Work instructions:
Your task is to restate word for word the lines in the material below, from the one with "1-комн. квартира-студия с" up to and including the one with "Selling a set". Do not carry over the pictures.
-- Data in this exercise follows --
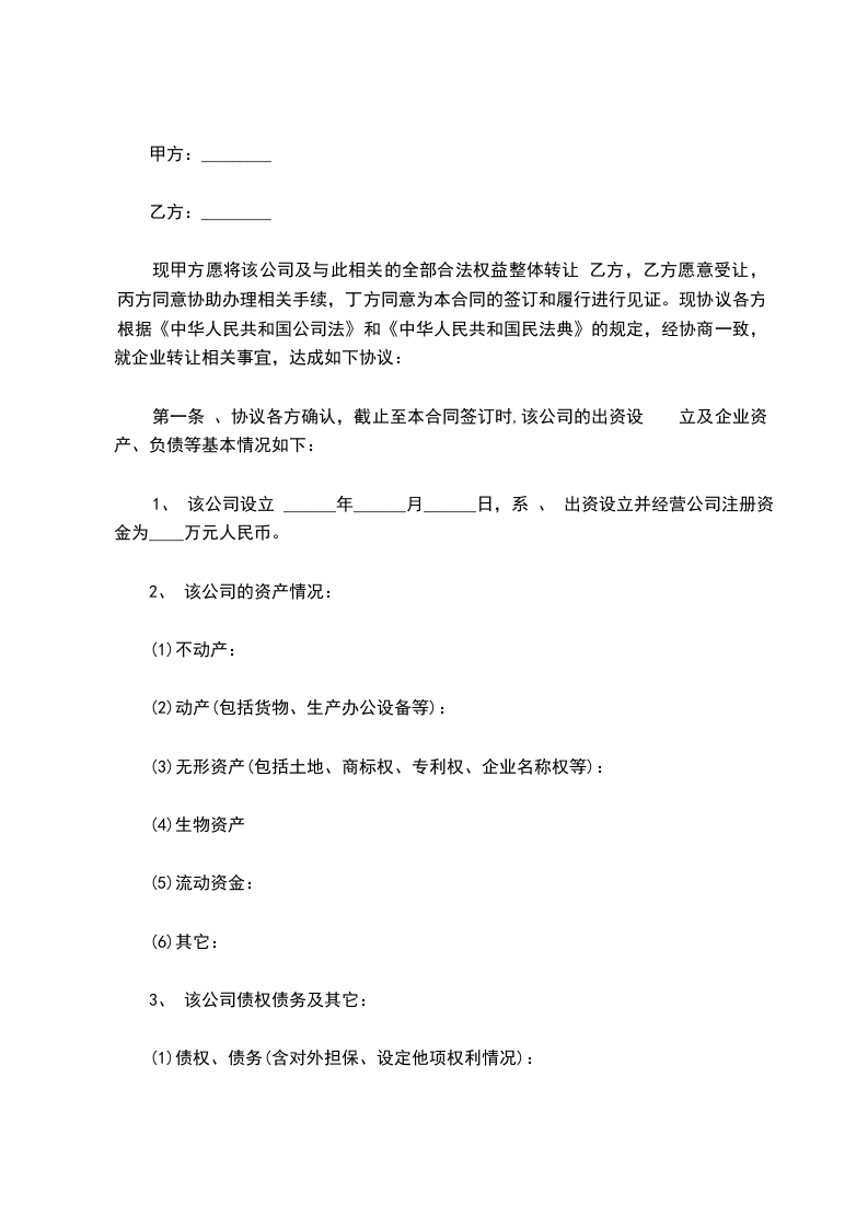 现甲方愿将该公司及与此相关的全部合法权益整体转让 乙方,乙方愿意受让,丙方同意协助办理相关手续,丁方同意为本合同的签订和履行进行见证。现协议各方根据《中华人民共和国公司法》和《中华人民共和国民法典》的规定,经协商一致,就企业转让相关事宜,达成如下协议:
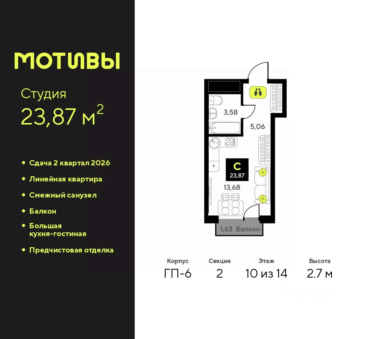 1-комн. квартира-студия с предчистовой отделкой в ЖК ''Мотивы'' на 10 этаже. Общая площадь: 23.87 кв.м., площадь гостиной 13.68 кв.м., из которых 5 кв.м. выделено под кухонную зону. Все окна выходят на одну сторону. В квартире один балкон, один совмещенный санузел. Высота потолков 2.7 м.
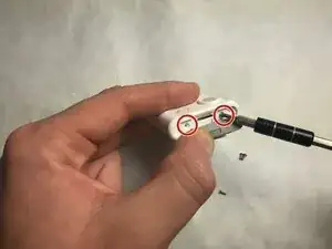 Используйте крестовую отвертку, чтобы удалить четыре винта PH00 размером 4 мм, расположенные по бокам устройства. Все винты находятся под серыми крышками для microSD-карты и microUSB-входа.
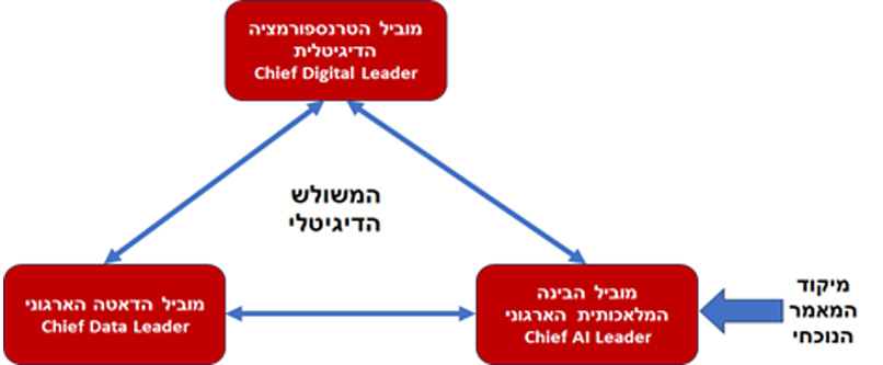 ההאצה בשילוב טכנולוגיות ה-AI בארגון והחשיבות ההולכת וגדלה שלהן, הביאה לצורך בתפקיד חדש, מוביל ה-AI. מוביל זה מהווה קודקוד חשוב בתוך הארכיטקטורה הארגונית החדשה, ארכיטקטורה לה קראתי המשולש הדיגיטלי. בניית צוות ושיתוף פעולה בין שלושת הקודקודים, תוך בהירות של תחומי האחריות של כל אחד מהם, היא קריטית להצלחת הארגון בעידן הדיגיטלי.
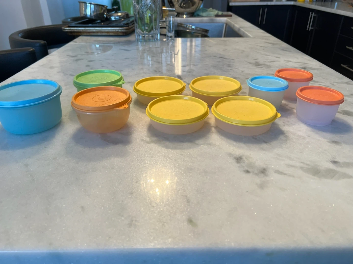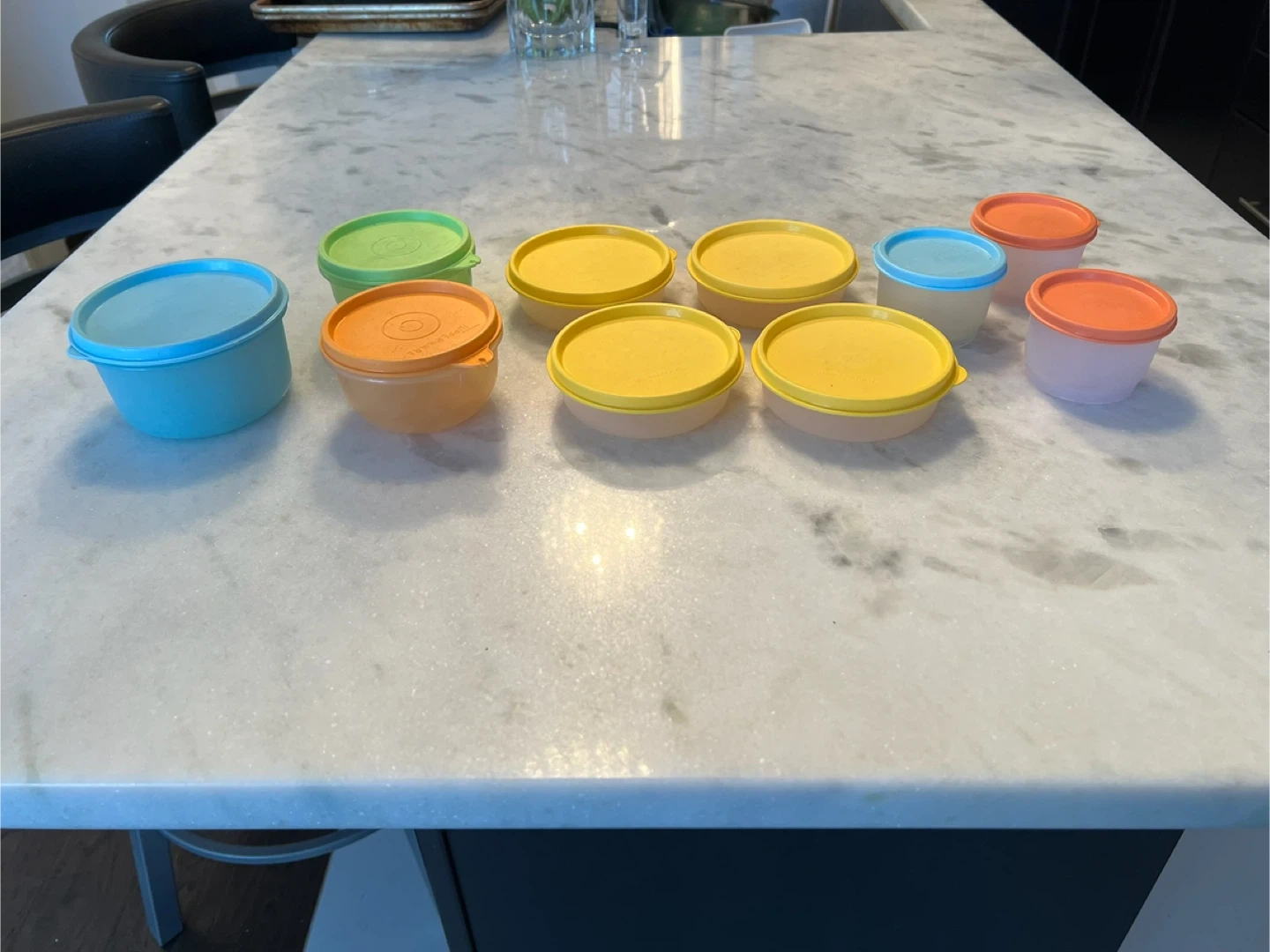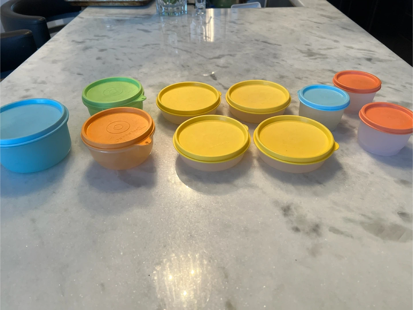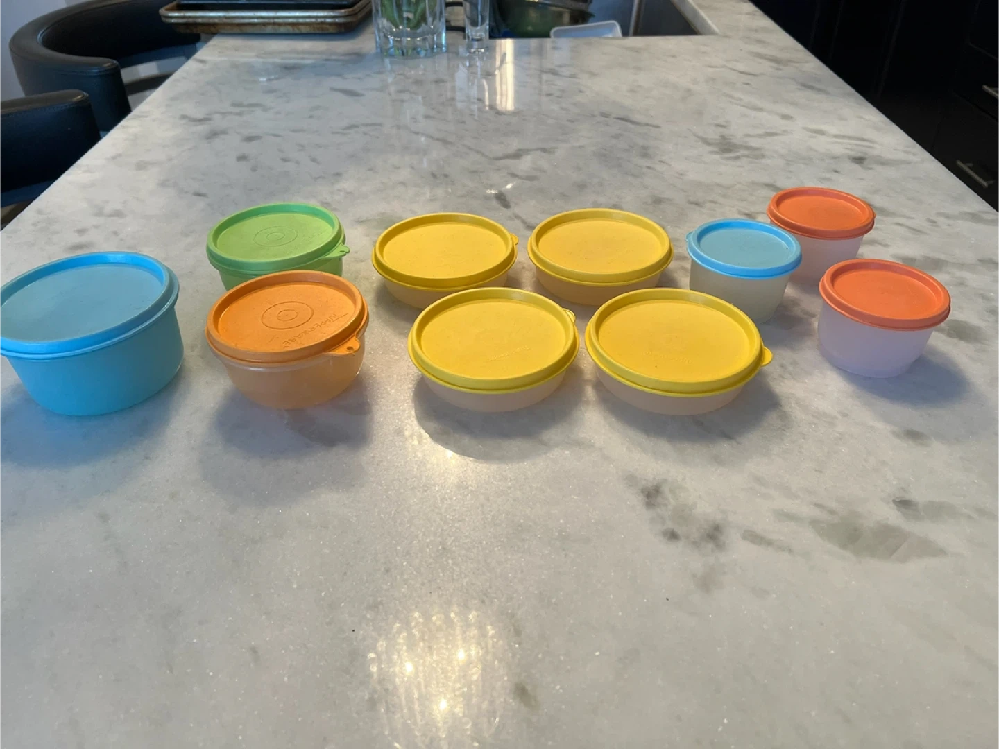Selling a set of colourful Tupperware brand storage containers! They come in various sizes and colours, perfect for storing leftovers or packing lunches. The set includes blue, orange, yellow, and green containers. Great for keeping your food fresh and organized!
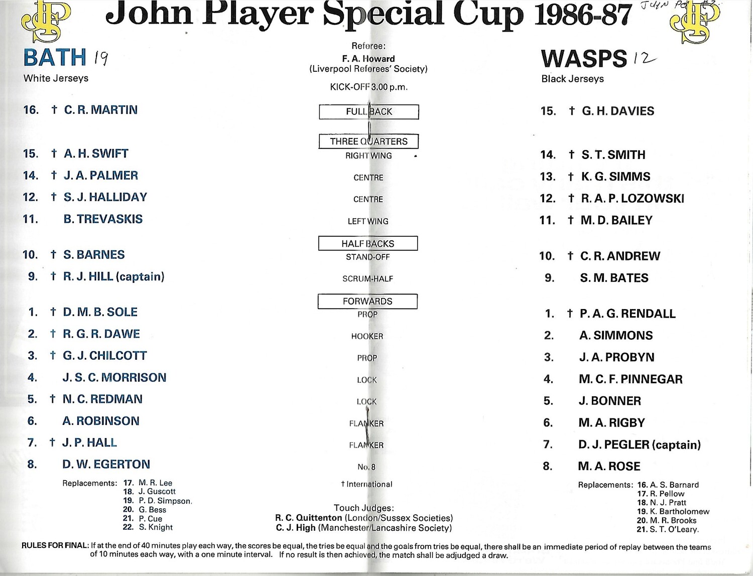 1987 Bath v Wasps John Player Cup Final Rugby Union Programme
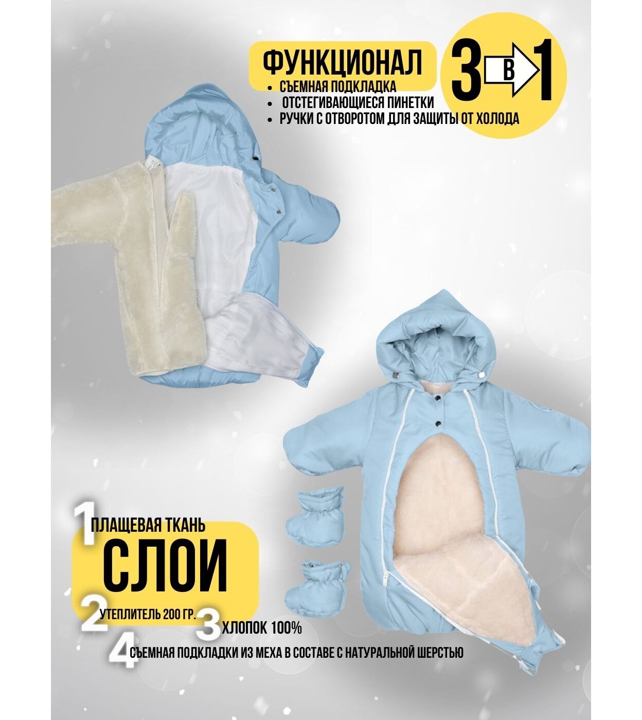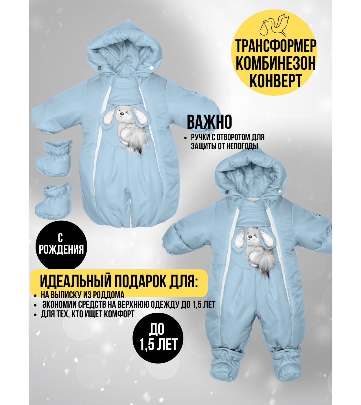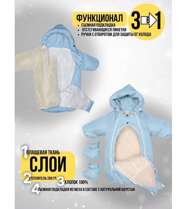 Комбинезон-конверт "трансформер", Светло-голубой, арт. 147шм
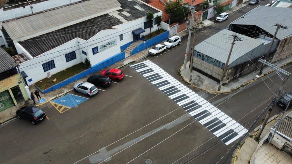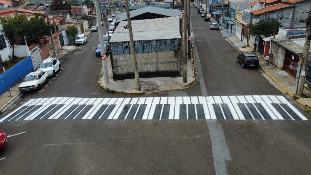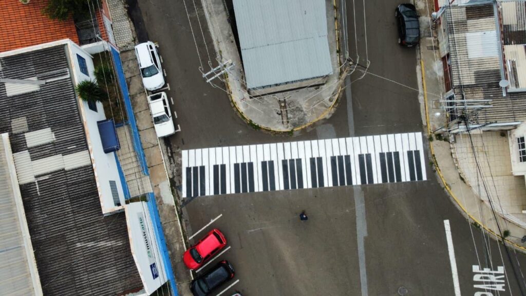 A rua Manoel Gonçalves, em Várzea Paulista, ganhou nesta terça-feira (12) uma faixa de pedestres com desenho inspirado nas teclas de um piano. A pintura artística foi feita em frente à Musicarte – Escola Municipal de Música e Artes – e une segurança viária, acessibilidade e valorização cultural.
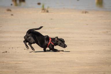 Keywords: cheerful dog runs puppy beach animal fun jogging joy pond doggy and the tramp
-- Data in this exercise concluded --
Solution for this task:
 1-комн. квартира-студия с предчистовой отделкой в ЖК ''Мотивы'' на 10 этаже. Общая площадь: 23.87 кв.м., площадь гостиной 13.68 кв.м., из которых 5 кв.м. выделено под кухонную зону. Все окна выходят на одну сторону. В квартире один балкон, один совмещенный санузел. Высота потолков 2.7 м.
 Используйте крестовую отвертку, чтобы удалить четыре винта PH00 размером 4 мм, расположенные по бокам устройства. Все винты находятся под серыми крышками для microSD-карты и microUSB-входа.
 ההאצה בשילוב טכנולוגיות ה-AI בארגון והחשיבות ההולכת וגדלה שלהן, הביאה לצורך בתפקיד חדש, מוביל ה-AI. מוביל זה מהווה קודקוד חשוב בתוך הארכיטקטורה הארגונית החדשה, ארכיטקטורה לה קראתי המשולש הדיגיטלי. בניית צוות ושיתוף פעולה בין שלושת הקודקודים, תוך בהירות של תחומי האחריות של כל אחד מהם, היא קריטית להצלחת הארגון בעידן הדיגיטלי.
Selling a set of colourful Tupperware brand storage containers! They come in various sizes and colours, perfect for storing leftovers or packing lunches. The set includes blue, orange, yellow, and green containers. Great for keeping your food fresh and organized!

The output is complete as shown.